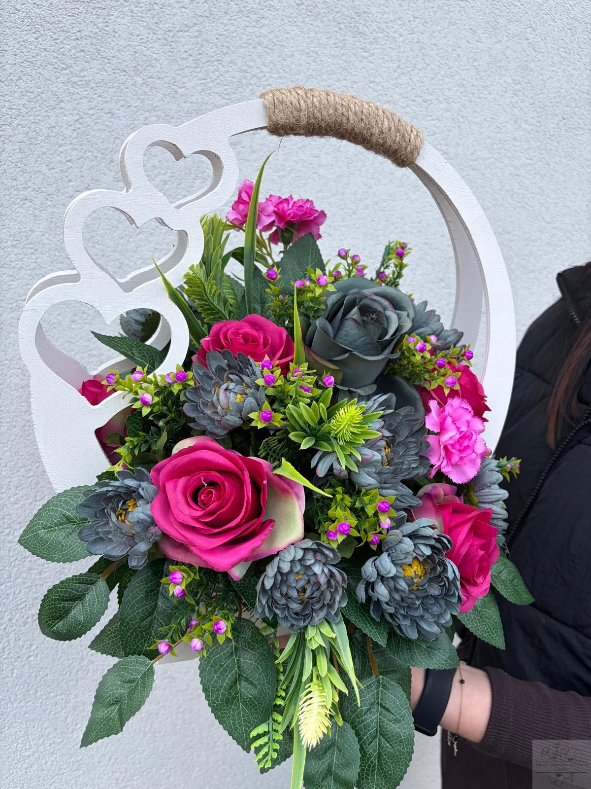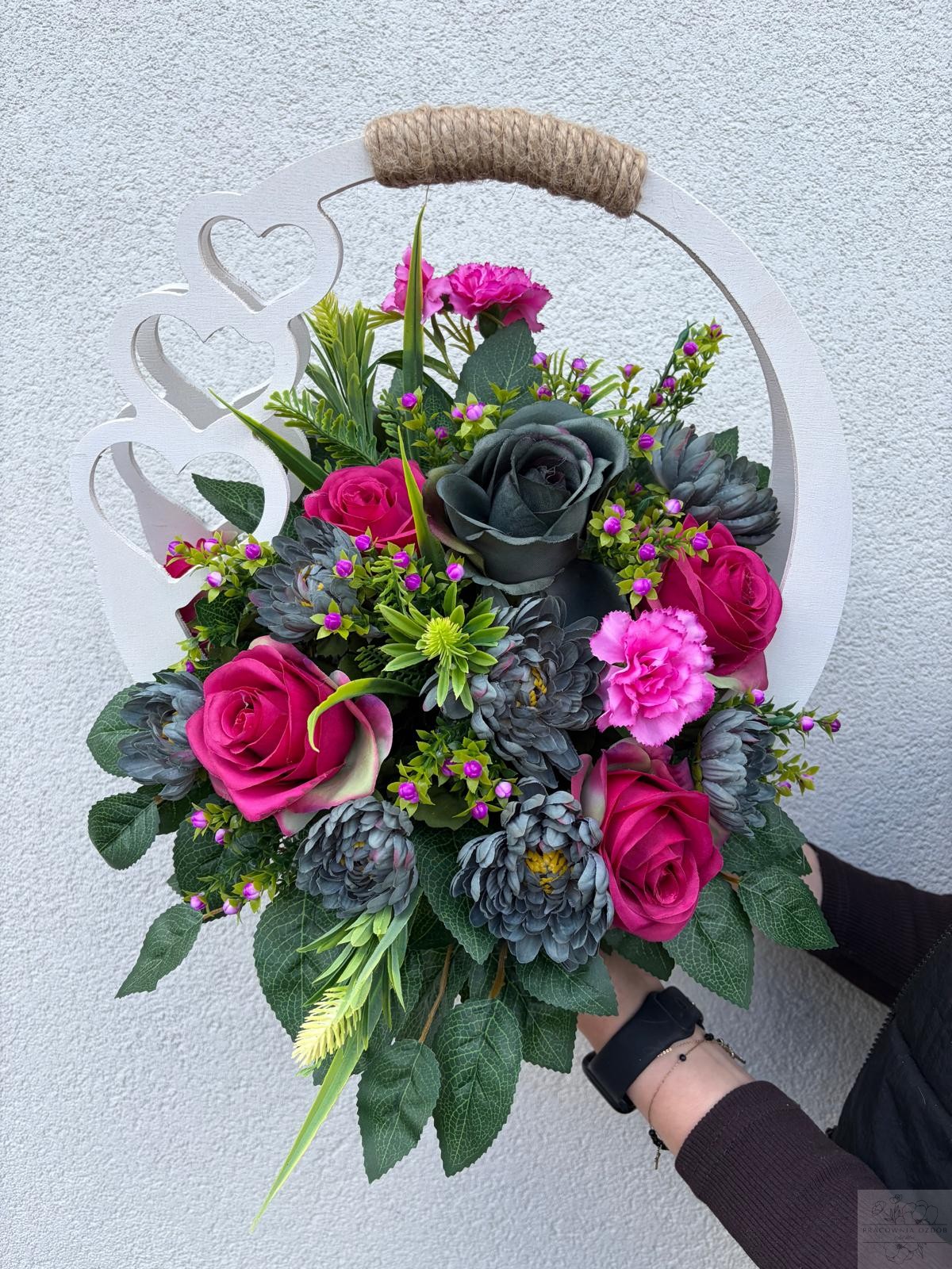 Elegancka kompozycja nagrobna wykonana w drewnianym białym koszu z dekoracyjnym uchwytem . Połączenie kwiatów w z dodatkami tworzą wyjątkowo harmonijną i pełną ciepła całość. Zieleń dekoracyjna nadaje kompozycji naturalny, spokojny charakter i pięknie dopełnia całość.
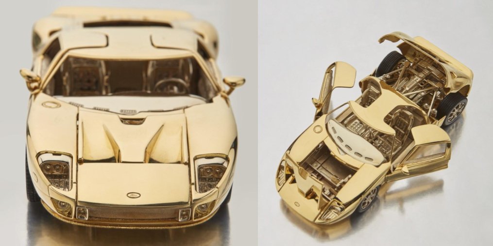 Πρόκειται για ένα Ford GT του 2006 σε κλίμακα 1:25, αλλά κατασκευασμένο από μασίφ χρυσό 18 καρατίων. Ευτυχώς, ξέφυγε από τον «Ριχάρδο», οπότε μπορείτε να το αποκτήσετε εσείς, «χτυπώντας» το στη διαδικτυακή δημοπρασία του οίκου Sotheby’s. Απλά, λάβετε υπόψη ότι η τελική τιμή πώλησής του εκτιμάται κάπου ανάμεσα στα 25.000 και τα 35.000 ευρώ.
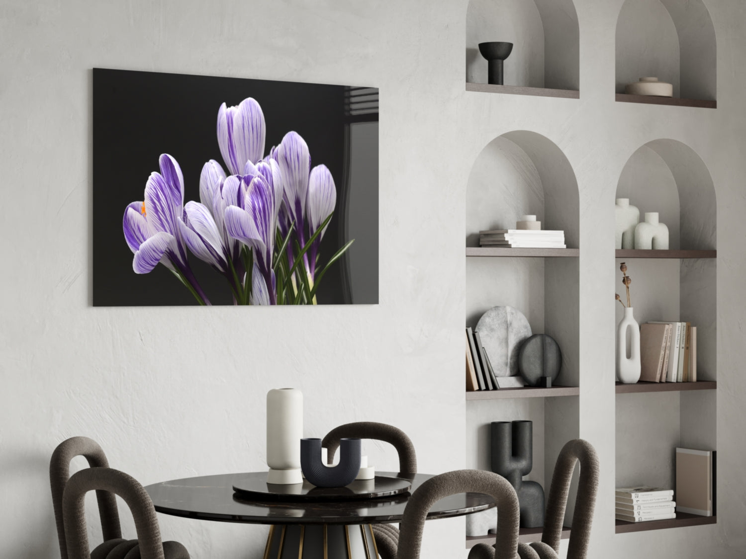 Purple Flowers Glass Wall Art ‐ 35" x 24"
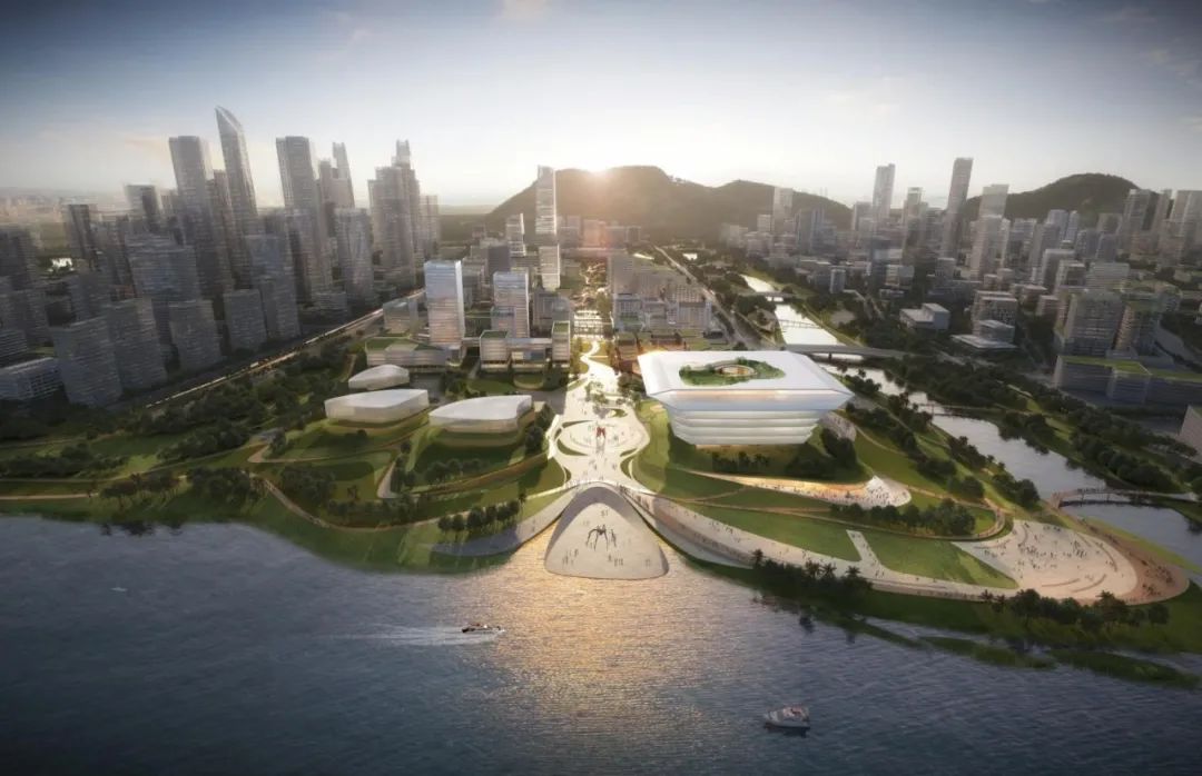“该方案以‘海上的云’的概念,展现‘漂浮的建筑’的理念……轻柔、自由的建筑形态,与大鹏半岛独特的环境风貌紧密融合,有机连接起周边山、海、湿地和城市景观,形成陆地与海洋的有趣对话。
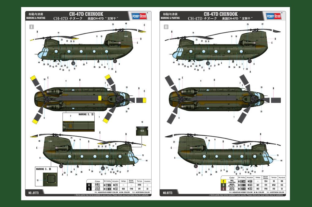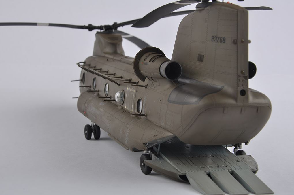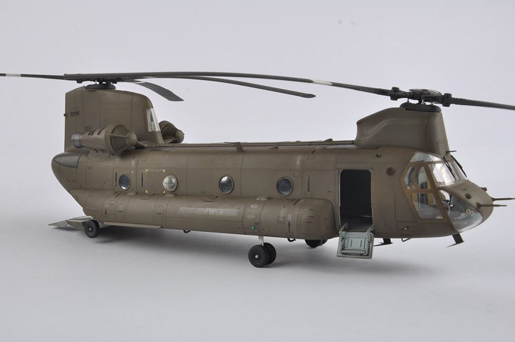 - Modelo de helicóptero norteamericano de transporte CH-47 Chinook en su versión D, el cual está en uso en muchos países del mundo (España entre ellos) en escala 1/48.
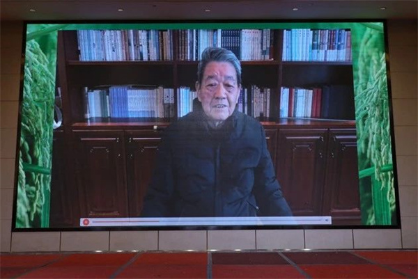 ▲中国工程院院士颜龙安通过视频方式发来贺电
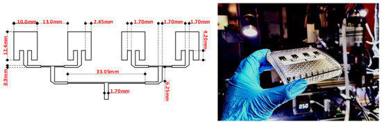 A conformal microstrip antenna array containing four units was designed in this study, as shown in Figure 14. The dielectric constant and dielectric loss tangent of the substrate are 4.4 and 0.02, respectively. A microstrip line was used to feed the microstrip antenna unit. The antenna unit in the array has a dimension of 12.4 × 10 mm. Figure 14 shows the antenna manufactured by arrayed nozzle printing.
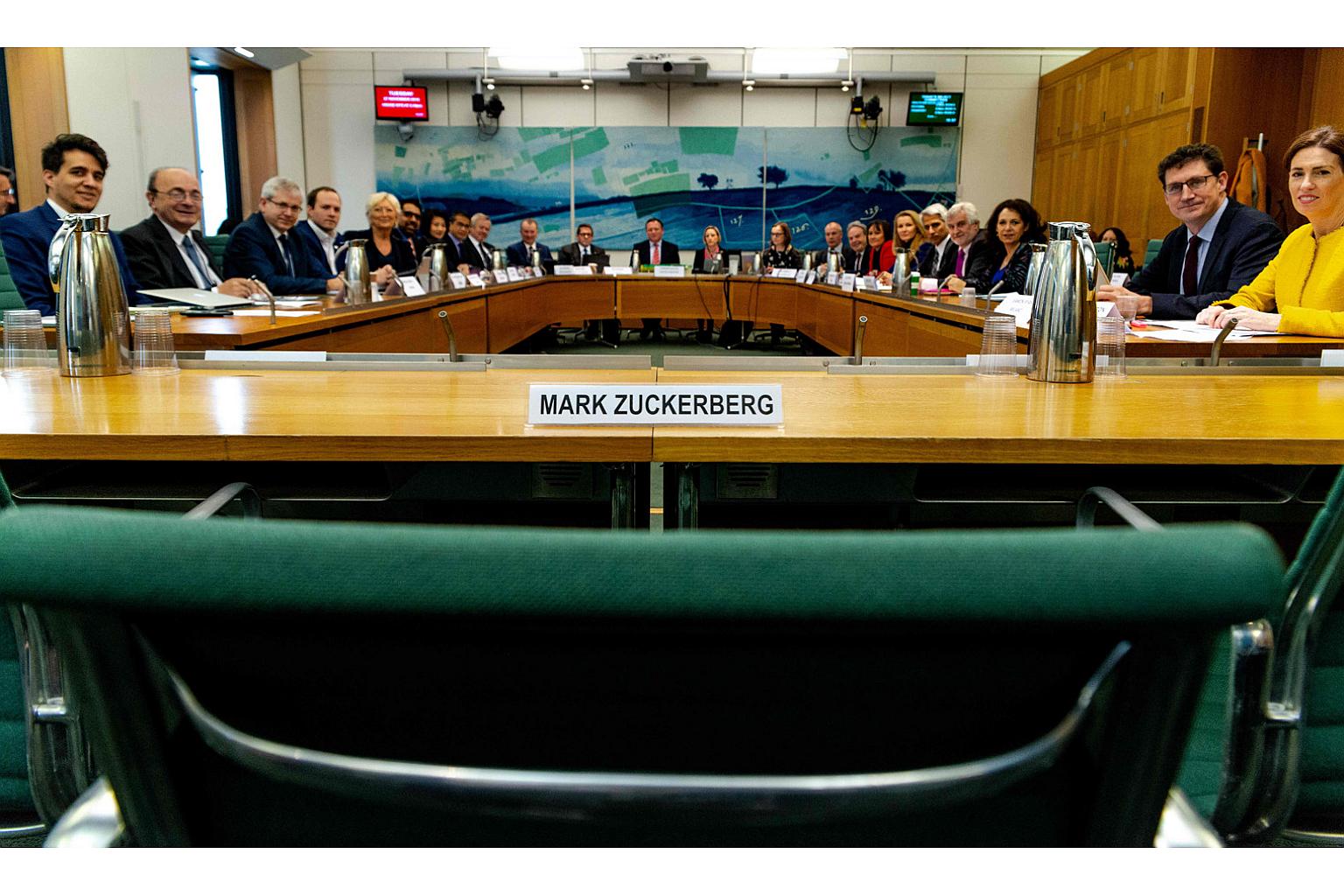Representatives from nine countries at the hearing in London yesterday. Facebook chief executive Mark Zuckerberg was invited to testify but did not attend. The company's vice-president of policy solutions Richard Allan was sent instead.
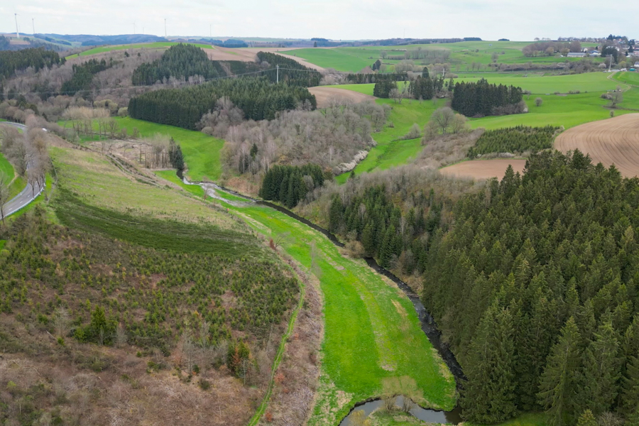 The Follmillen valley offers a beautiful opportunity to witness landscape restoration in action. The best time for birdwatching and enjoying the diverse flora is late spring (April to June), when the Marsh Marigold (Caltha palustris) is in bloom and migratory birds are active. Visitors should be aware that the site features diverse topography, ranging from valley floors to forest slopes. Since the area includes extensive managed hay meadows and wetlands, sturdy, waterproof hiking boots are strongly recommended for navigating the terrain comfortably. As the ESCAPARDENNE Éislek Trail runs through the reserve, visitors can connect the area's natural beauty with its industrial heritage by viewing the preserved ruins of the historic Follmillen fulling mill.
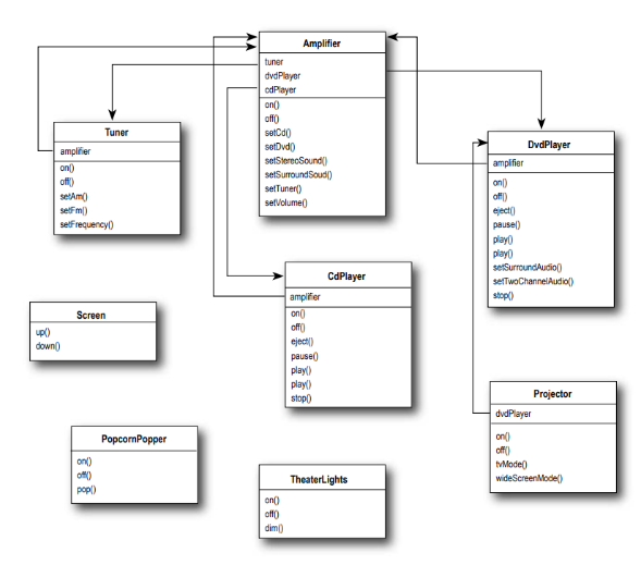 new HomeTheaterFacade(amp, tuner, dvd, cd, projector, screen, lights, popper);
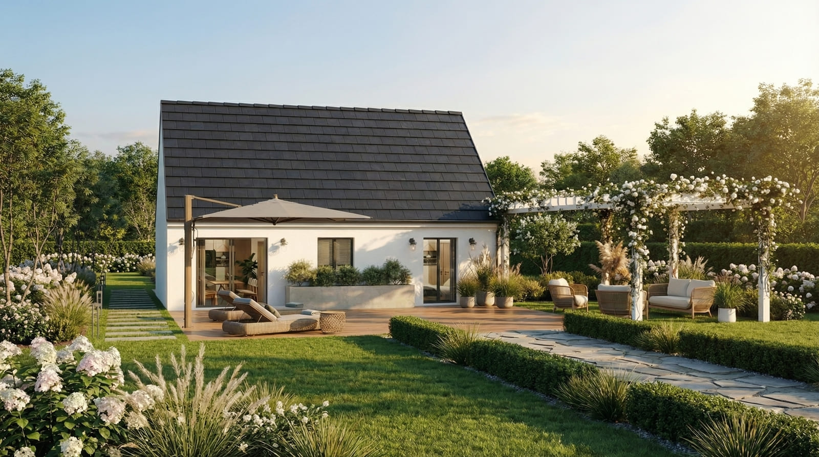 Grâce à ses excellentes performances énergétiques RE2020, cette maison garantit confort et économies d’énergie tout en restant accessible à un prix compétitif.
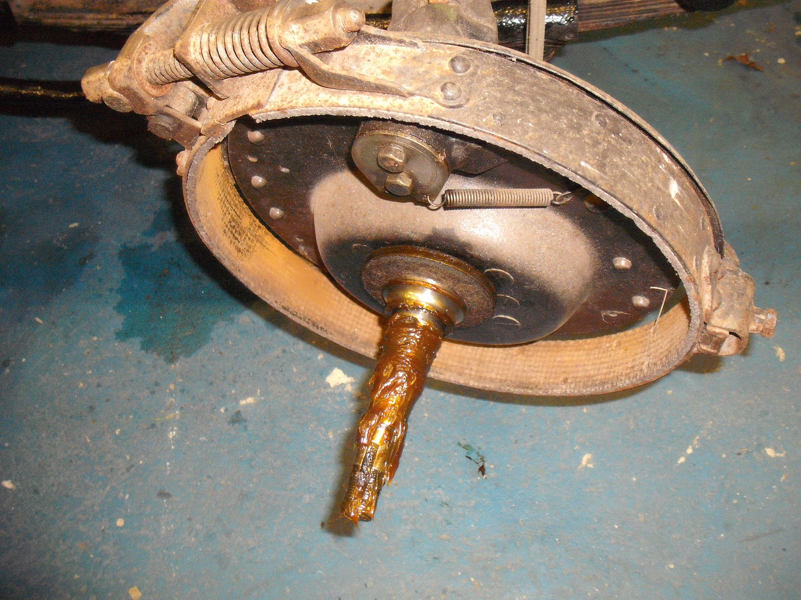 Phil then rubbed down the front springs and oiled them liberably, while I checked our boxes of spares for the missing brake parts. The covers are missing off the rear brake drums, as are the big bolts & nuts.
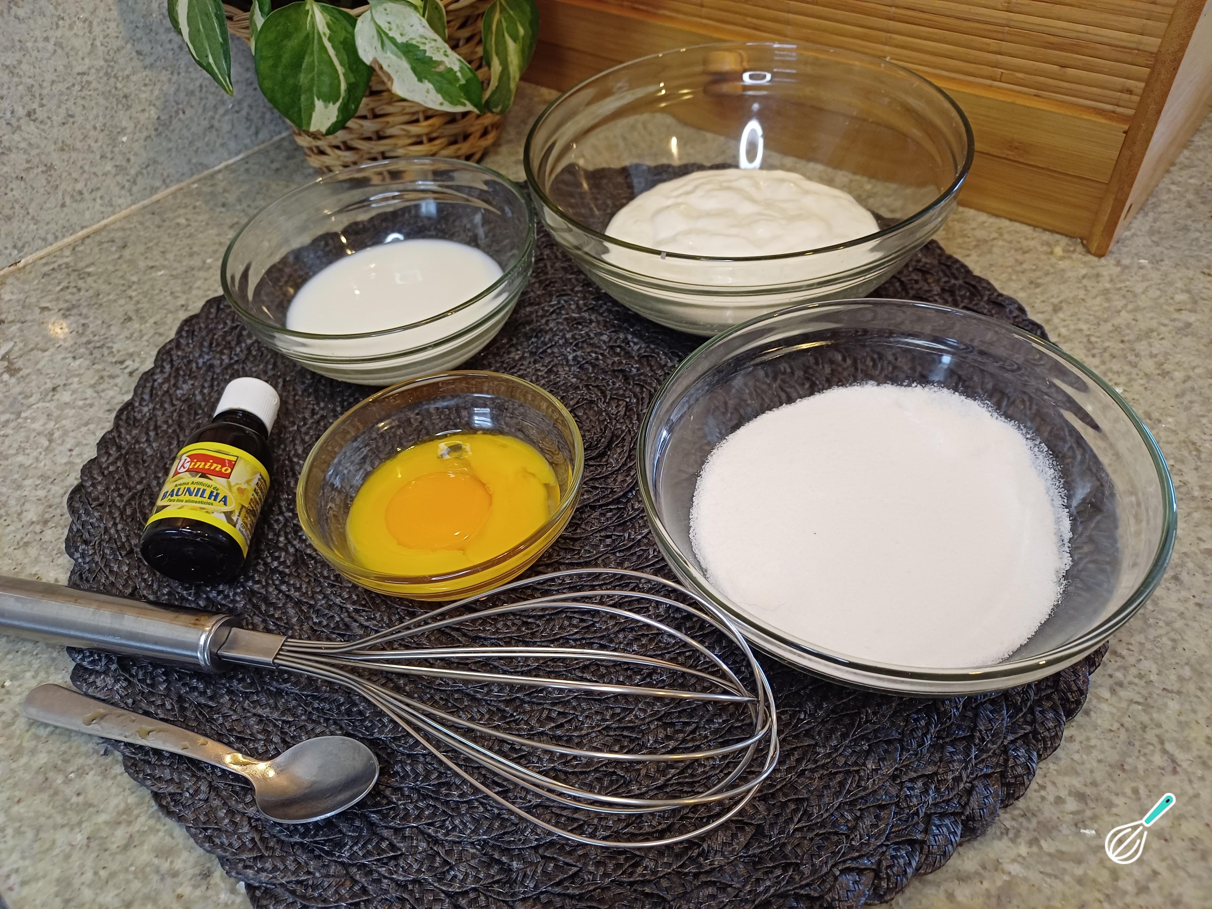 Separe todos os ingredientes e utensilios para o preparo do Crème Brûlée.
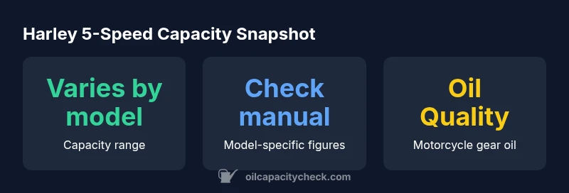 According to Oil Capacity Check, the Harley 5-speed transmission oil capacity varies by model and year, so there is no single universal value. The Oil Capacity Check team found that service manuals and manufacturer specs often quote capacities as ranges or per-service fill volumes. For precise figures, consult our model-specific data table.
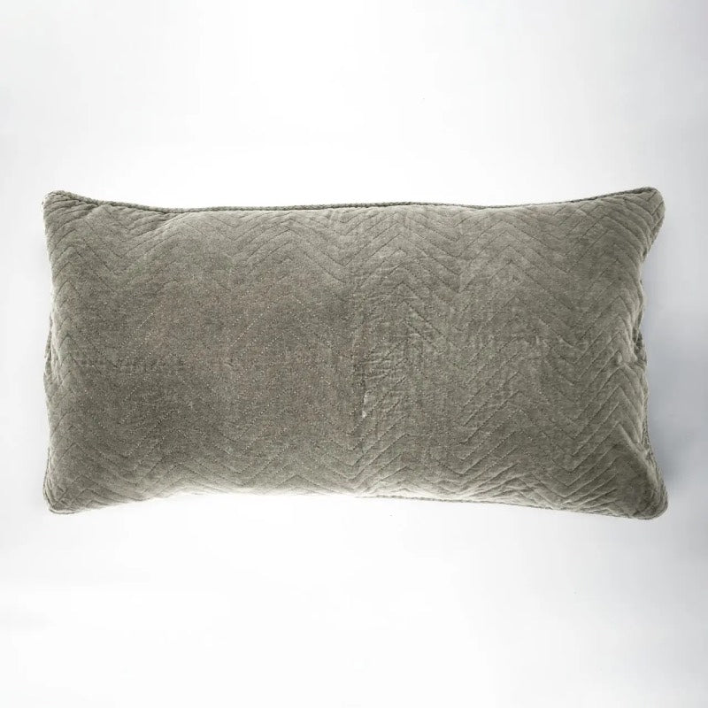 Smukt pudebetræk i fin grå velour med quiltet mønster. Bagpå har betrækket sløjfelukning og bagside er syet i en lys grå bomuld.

# # # # # # #

### DIRECTIONS FOR THIS TASK
Transcribe only this stretch of the data: the line with "Representatives from nine", the line with "screen, lights, popper);", and every line in between. Leave out the pictures.

### RESULT OF THE TASK
Representatives from nine countries at the hearing in London yesterday. Facebook chief executive Mark Zuckerberg was invited to testify but did not attend. The company's vice-president of policy solutions Richard Allan was sent instead.
 The Follmillen valley offers a beautiful opportunity to witness landscape restoration in action. The best time for birdwatching and enjoying the diverse flora is late spring (April to June), when the Marsh Marigold (Caltha palustris) is in bloom and migratory birds are active. Visitors should be aware that the site features diverse topography, ranging from valley floors to forest slopes. Since the area includes extensive managed hay meadows and wetlands, sturdy, waterproof hiking boots are strongly recommended for navigating the terrain comfortably. As the ESCAPARDENNE Éislek Trail runs through the reserve, visitors can connect the area's natural beauty with its industrial heritage by viewing the preserved ruins of the historic Follmillen fulling mill.
 new HomeTheaterFacade(amp, tuner, dvd, cd, projector, screen, lights, popper);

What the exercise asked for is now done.